Eudoxus was born and died in Cnidus (also spelled Knidos), [2] which was a city on the southwest coast of modern day Turkey. The years of Eudoxus' birth and death are not fully known but the range may have been c. 408 – c.355 BC, [1] [2] or c. 390 – c.337 BC. His name Eudoxus means "honored" or "of good repute" (εὔδοξος, from eu "good" and doxa "opinion, belief, fame"). It is analogous to the Latin name Benedictus.

Eudoxus's father, Aeschines of Cnidus, loved to watch stars at night. Eudoxus first traveled to Tarentum to study with Archytas, from whom he learned mathematics. While in Italy, Eudoxus visited Sicily, where he studied medicine with Philiston.

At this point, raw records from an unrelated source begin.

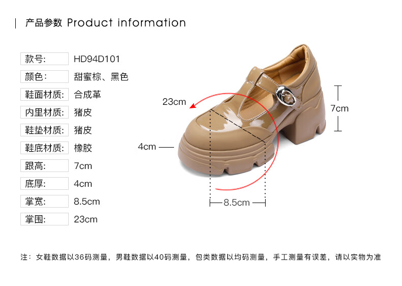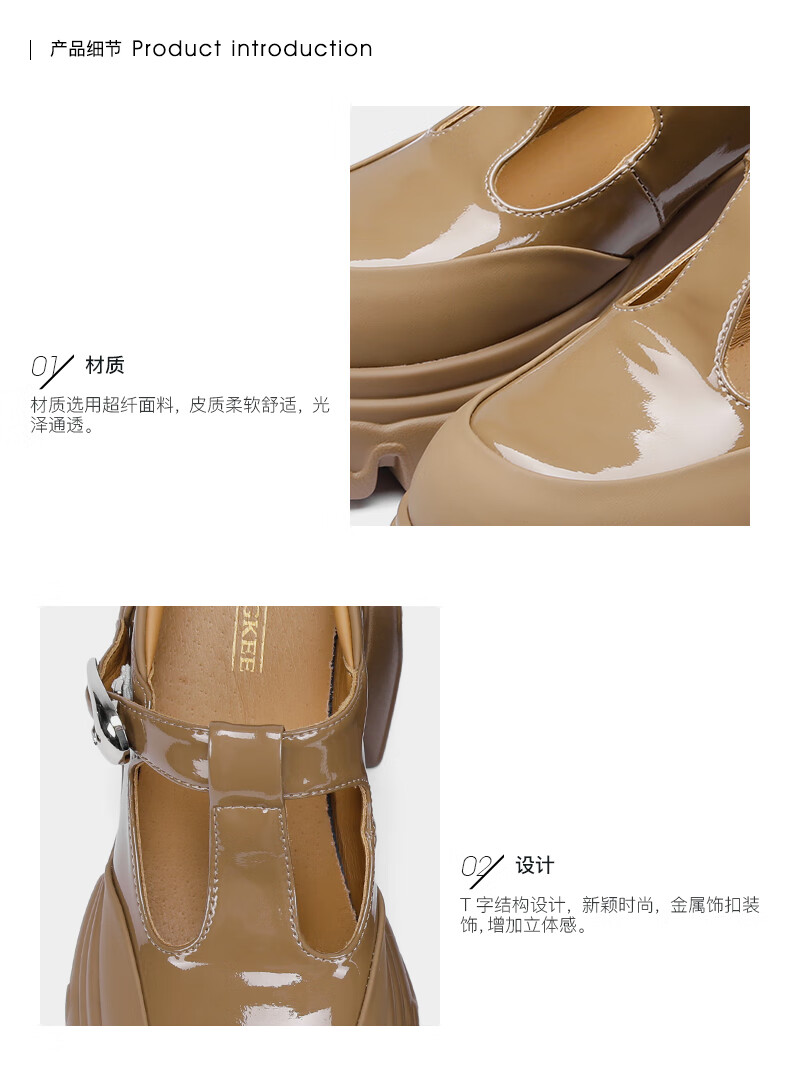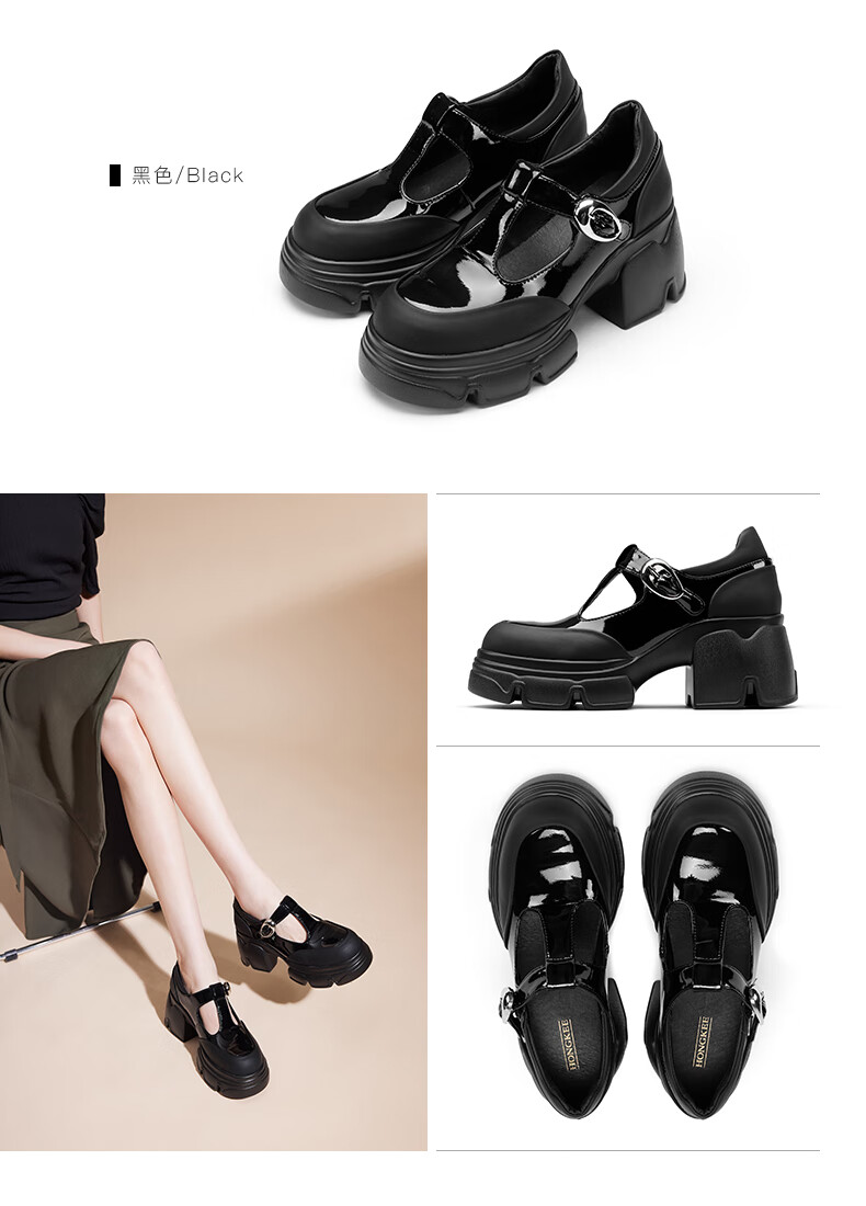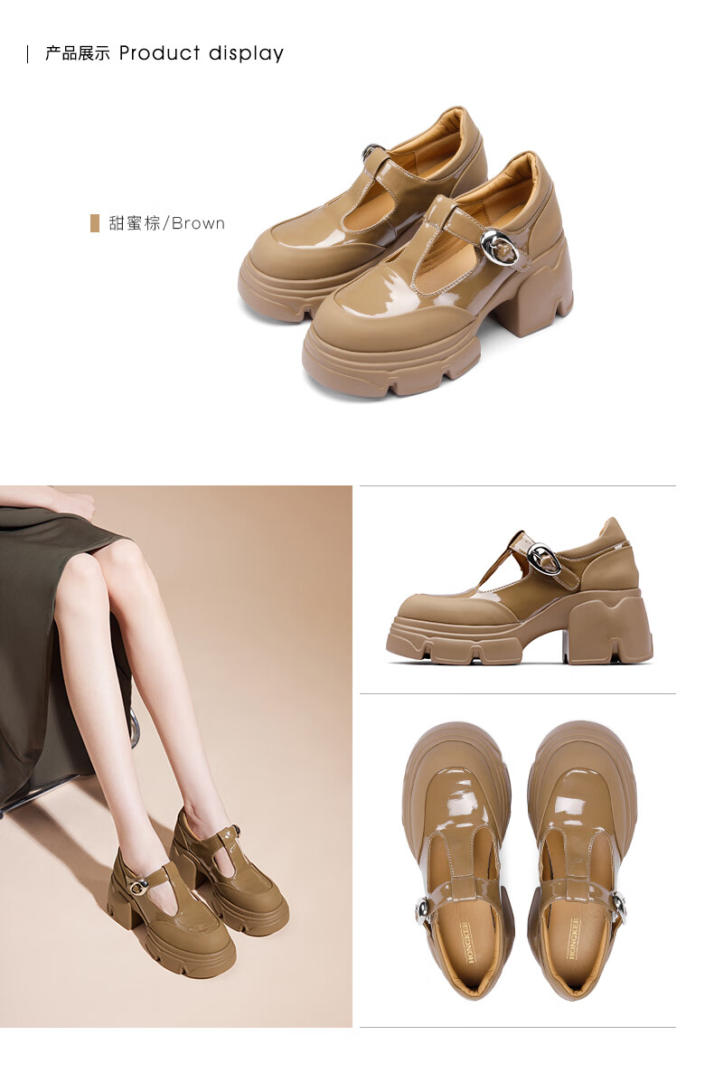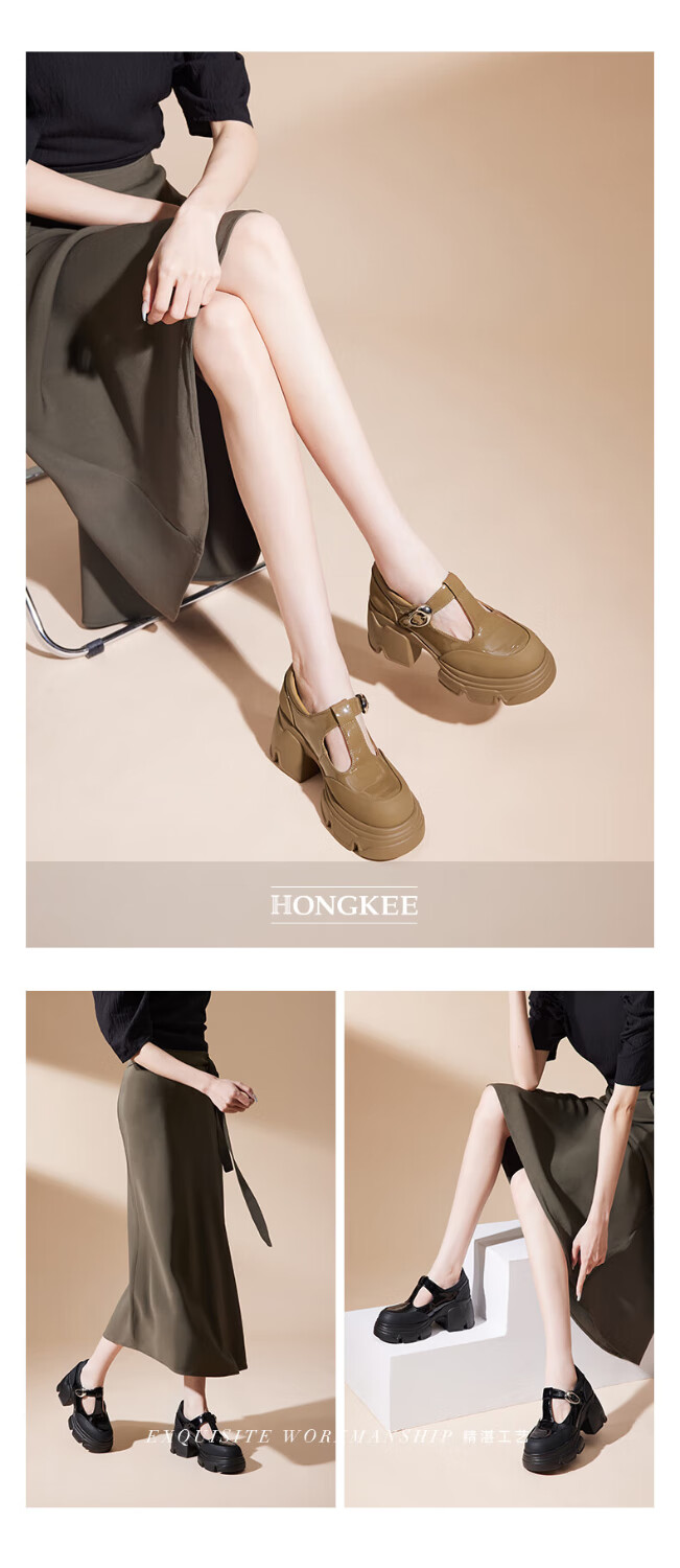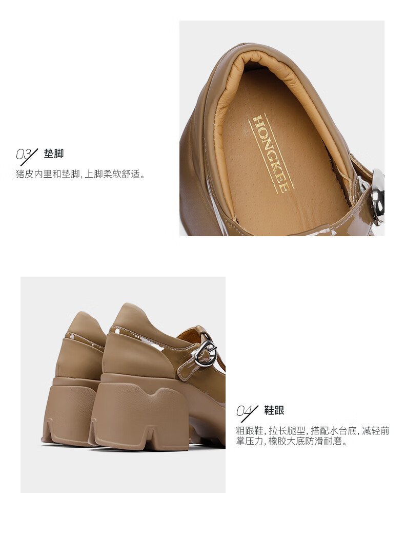 红科(HONGKEE)春季英伦风圆头粗跟金属饰扣时尚优雅玛丽珍单鞋女HD94D101 甜蜜棕 39
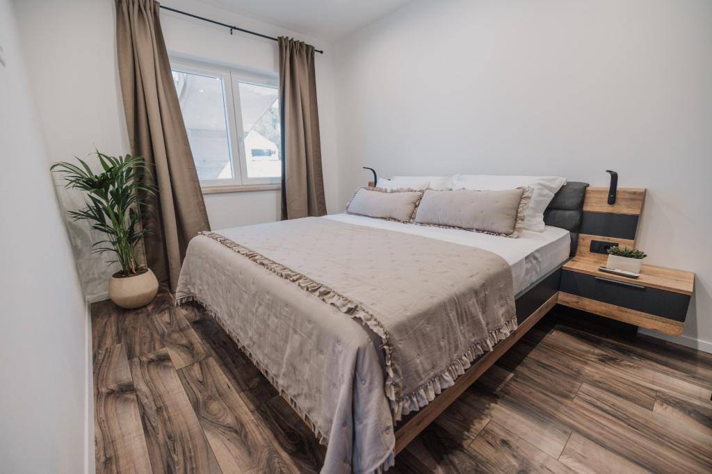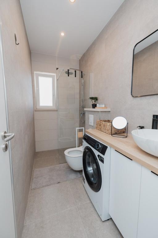 Un apartament recent renovat și modern utilat este de închiriat în Lumbarda, pe insula Korčula, situat în atmosfera autentică a unei plantații de măslini spațioase, care garantează oaspeților intimitate și liniște absolută. Apartamentul acoperă 75 de metri pătrați de spațiu interior, cu două dormitoare și două toalete, iar un accent deosebit este pus pe exterior, care include o terasă mare de 35 de metri pătrați și o grădină de 100 de metri pătrați, ideală pentru relaxare în singurătate. Interiorul este complet echipat pentru un sejur confortabil pentru patru persoane, inclusiv o mașină de spălat vase în bucătărie, o mașină de spălat rufe în baie, MaxTV și internet 5G rapid, iar pentru familiile cu copii mici, un pătuț este disponibil la cerere. Locația este o combinație perfectă între intimitate și apropierea de toate facilitățile; primul golf de înot este la doar 200 de metri distanță, centrul orașului este la 800 de metri distanță, în timp ce faimoasele plaje mari cu nisip fin sunt la aproximativ 2 kilometri distanță. Oaspeții au la dispoziție parcare privată în cadrul clădirii.
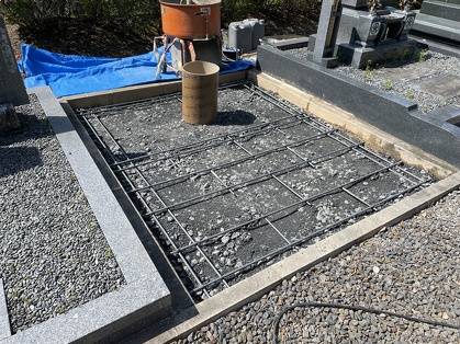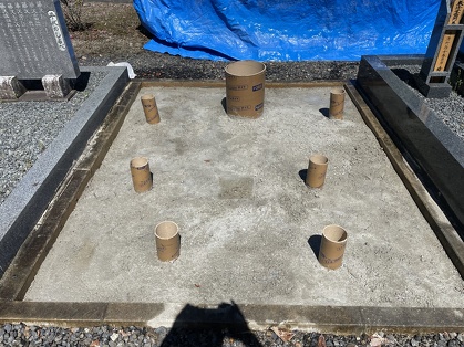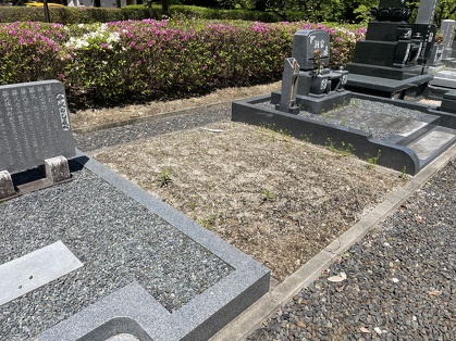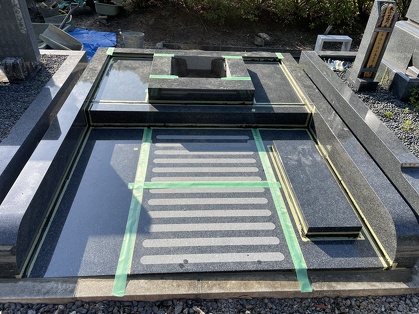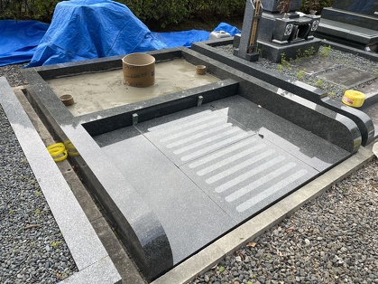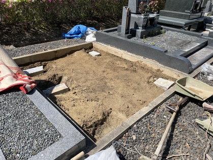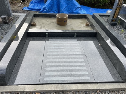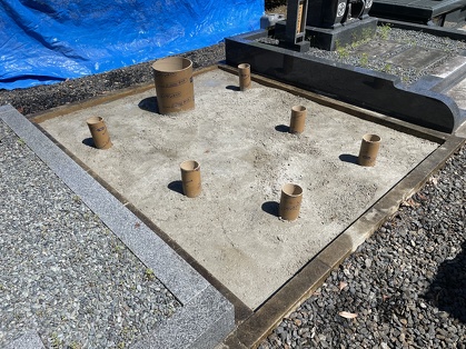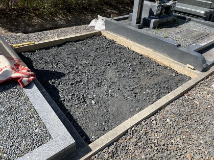 外柵、墓石の芝台(横の板石)の据え付けを終えた状態。
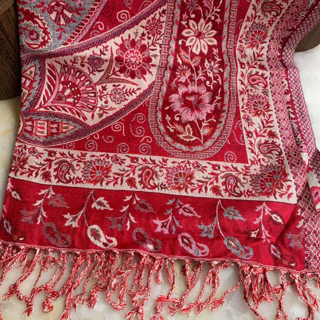 Red and Creme Swirls and Paisley Shawl-Scarf
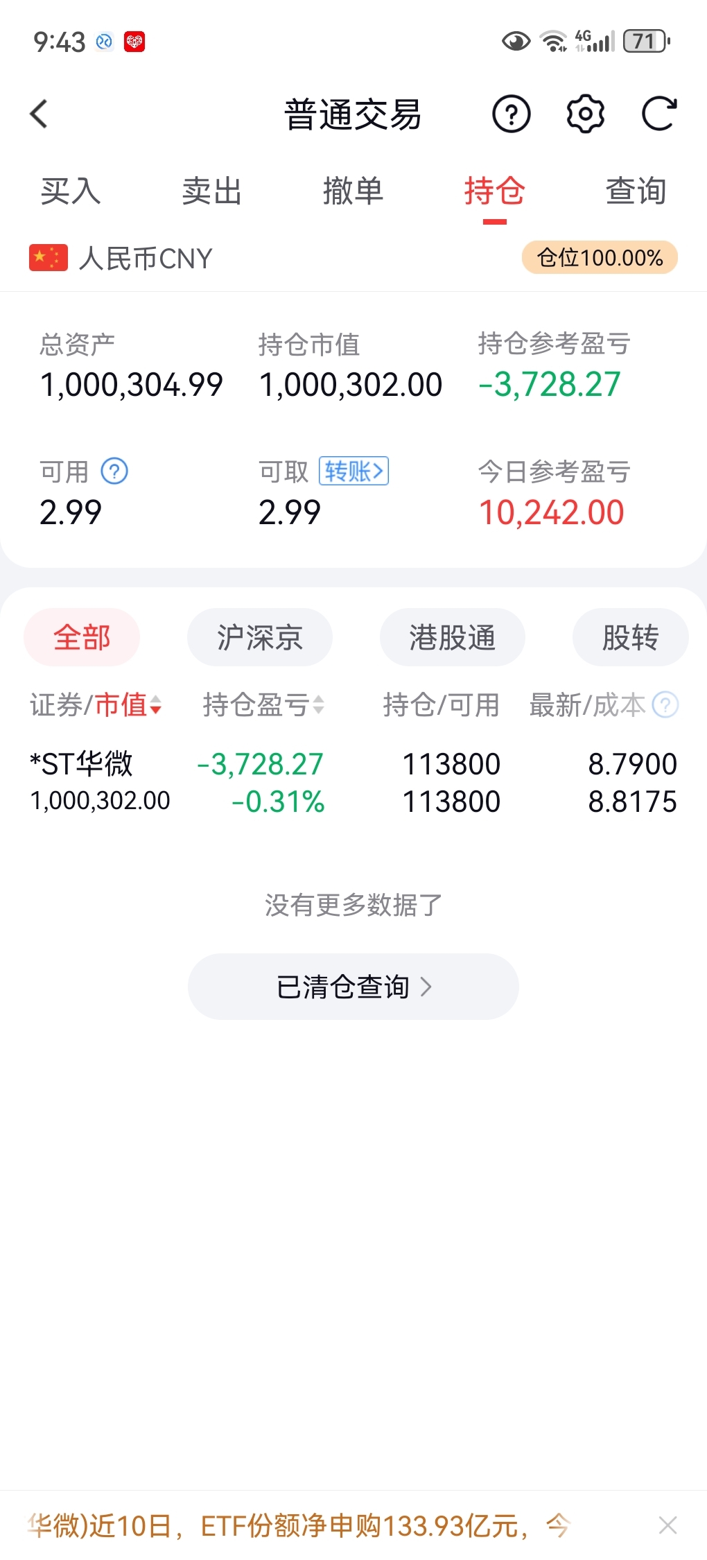 $*ST华微(SH600360)$ 我也没亏多少钱啊,这股拿着放心

At the age of 23, he traveled with the physician Theomedon—who (according to Diogenes Laërtius) some believed was his lover [4] —to Athens to study with the followers of Socrates. He eventually attended lectures of Plato and other philosophers for several months, but due to a disagreement they had a falling-out. Eudoxus was quite poor and could only afford an apartment at the Piraeus. To attend Plato's lectures, he walked the 7 miles (11 km) in each direction each day. Due to his poverty, his friends raised funds sufficient to send him to Heliopolis, Egypt, to pursue his study of astronomy and mathematics. He lived there for 16 months. From Egypt, he then traveled north to Cyzicus, located on the south shore of the Sea of Marmara, the Propontis. He traveled south to the court of Mausolus. During his travels he gathered many students of his own.[ citation needed ]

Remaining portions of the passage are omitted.